EXERCISE AIM
Each line of the data below goes into the copy exactly; pictures do not.

AVAILABLE DATA
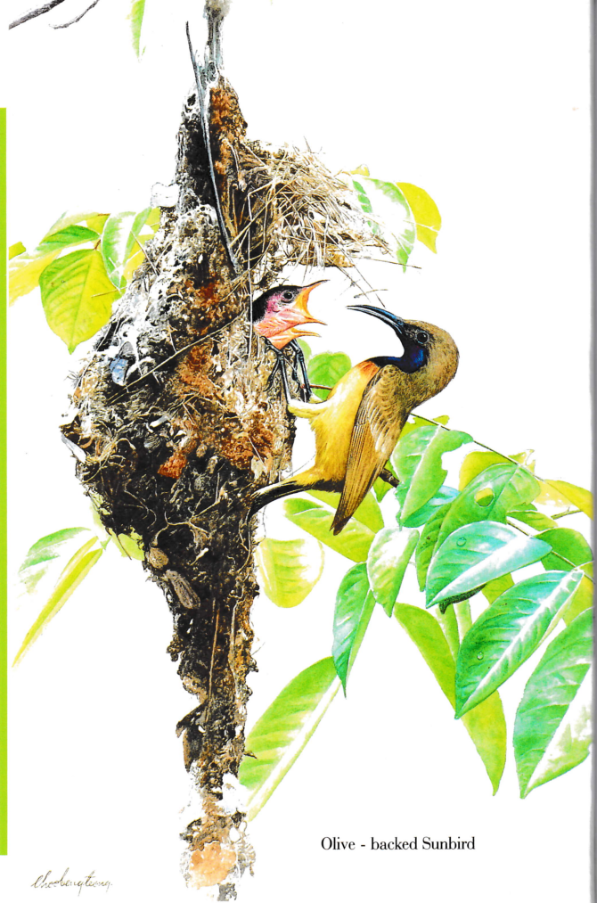
Olive - backed Sunbird

The collection includes birds such as the shore-based Common Sandpiper, Goldenback Woodpeckers found in mangrove swamps, Fairy Bluebirds and Pink-necked Pigeons in rainforests to the Silver-eared Mesia and Fire-tufted Barbet in montane rainforests - well over 20 masterpieces in all.
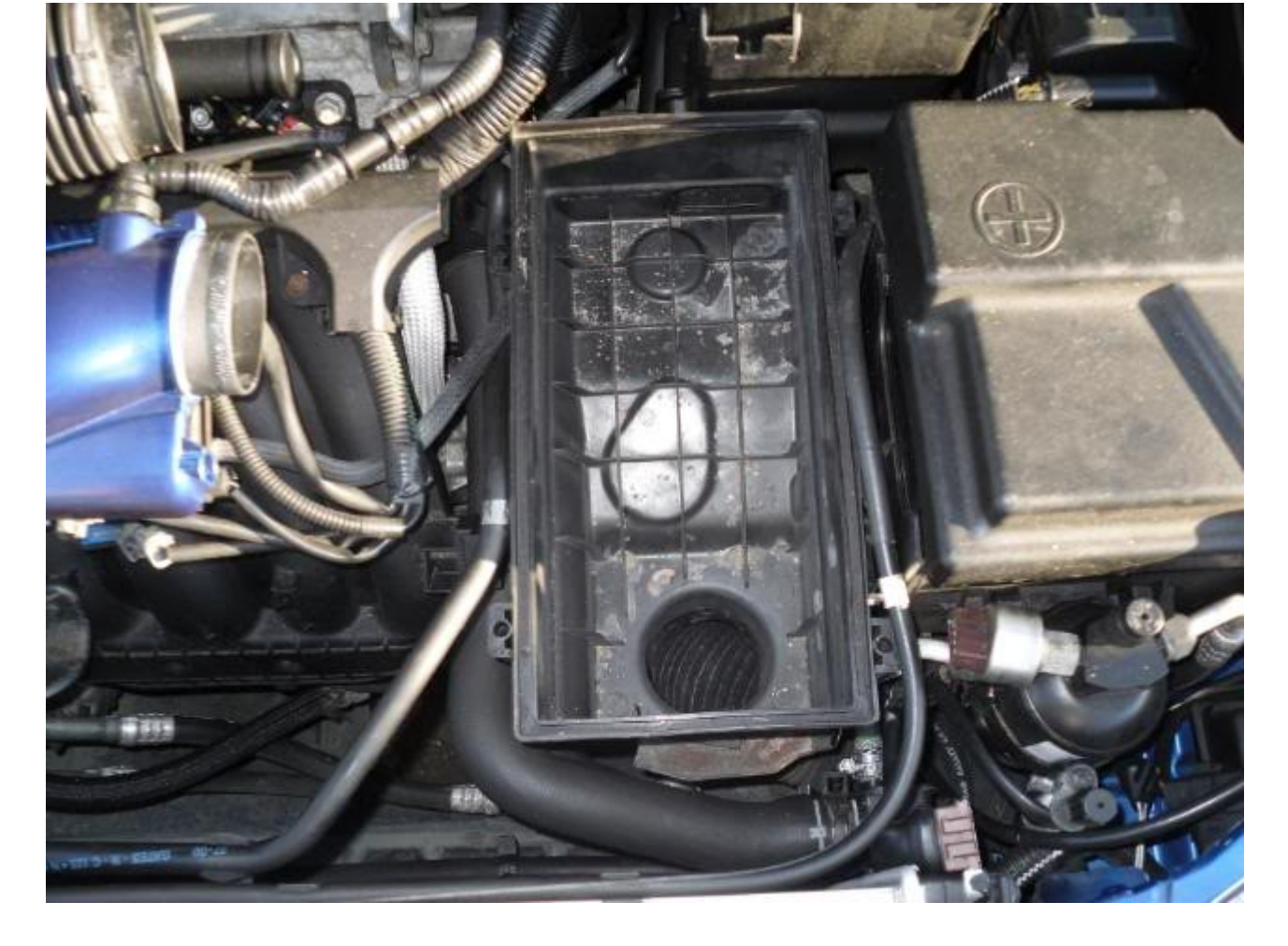
nice pile of bits will be on your drive now
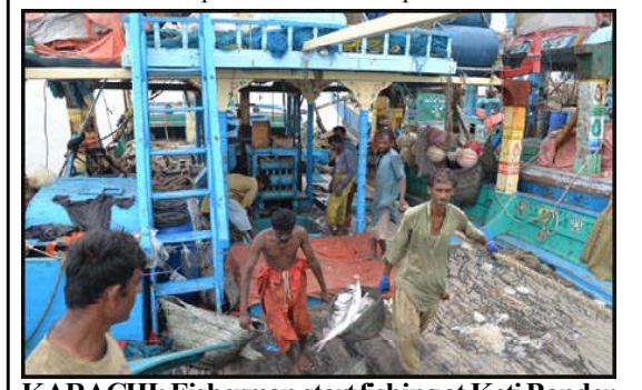
KARACHI: Fisherman start fishing at Keti Bander after cyclone Biparjoy has now reduced.

The DPP with the support of the Rice Exporters Association of Pakistan (REAP) took special steps to upgrade 15 more mills as per the Guidance Document prescribed by the Russian Federation for compliance with the requirements for rice exports.
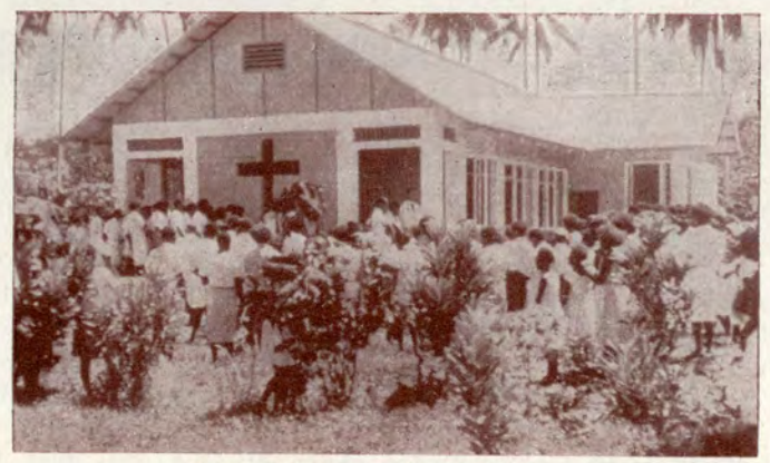
Emmanuel Chapel, Goldie College.

will be provided by the Wadham legacy, and we look forward to the day when it too will be in use.

RESULT FOR THIS EXERCISE
Olive - backed Sunbird

The collection includes birds such as the shore-based Common Sandpiper, Goldenback Woodpeckers found in mangrove swamps, Fairy Bluebirds and Pink-necked Pigeons in rainforests to the Silver-eared Mesia and Fire-tufted Barbet in montane rainforests - well over 20 masterpieces in all.
nice pile of bits will be on your drive now
KARACHI: Fisherman start fishing at Keti Bander after cyclone Biparjoy has now reduced.

The DPP with the support of the Rice Exporters Association of Pakistan (REAP) took special steps to upgrade 15 more mills as per the Guidance Document prescribed by the Russian Federation for compliance with the requirements for rice exports.
Emmanuel Chapel, Goldie College.

will be provided by the Wadham legacy, and we look forward to the day when it too will be in use.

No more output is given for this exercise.